How to Tell If Your Wine Has Gone Bad
Plus, what to do if it’s already spoiled.
You opened up that bottle of vino you’ve been eyeing in your kitchen and it was simply delicious, but you couldn’t finish it. So, you save it for later. Yet later turns into a week (or, maybe two) and you still haven’t gotten around to it.
Has it spoiled? Can you still drink it? Well, the answer isn’t black and white. There are a few factors that determine whether or not that bottle is done for, or if it can still be savored (even if the quality isn’t as fresh as it was on day one.)

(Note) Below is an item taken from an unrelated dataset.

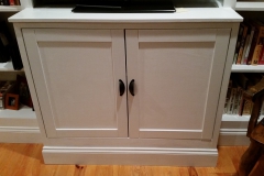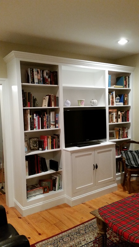 This unit is 8 feet tall and over 8 feet wide and consists of 3 sections. The middle one has shelves on top, holds a TV in the middle and has a storage cabinet below for audio/video equipment. It’s finished with crown and baseboard moldings to tie it in with the trim in the room.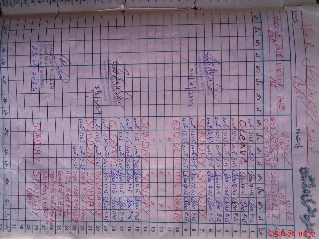 | Name: Sa**** Ra**** Designation: (School Headmaster's/Headmistress's) PST Phone/Cell Number: 03**** |

Here’s a hint: Old wine can smell and taste like a bunch of different things—none of them being good, unfortunately. Still, they help us realize just how bad that wine has gotten and can help us choose whether or not to open up a new bottle. Here’s how to tell if your wine is doomed for the trash can.
The Wine Smells Like the Cork
“Probably the biggest culprit for spoiled wine is something called ‘cork taint.’ This effect is when a faulty cork (via a chemical compound flaw) makes the wine smell like corkboard or a wet dog,” says Adam Sweders, the Wine Director for DineAmic Group in Chicago.
There are varying levels of taint, but when it is bad, it completely overwhelms the scents and flavors of fruit and earth that come from the wine, he explains. Unfortunately, you can't do anything about it other than pour it down the drain.
The Wine Tastes Really Bad, Too
Oxidation occurs when the wine has seen too much air, usually because of a faulty cork. “You can usually see this when inspecting a cork upon removal of the bottle. If the wine stain has bled all the way through the cork, chances are you have a very old wine or a bottle with cork issues,” says Sweders. “This can lead to the wine tasting like vinegar or cheese rinds,” he says. Gross—not what you want when pairing it with that delicious cheese board.
“Depending on where the wine is in its lifespan, it could be a good thing—but usually is not,” he says, so you’re better off saying goodbye and grabbing a new bottle of vino instead.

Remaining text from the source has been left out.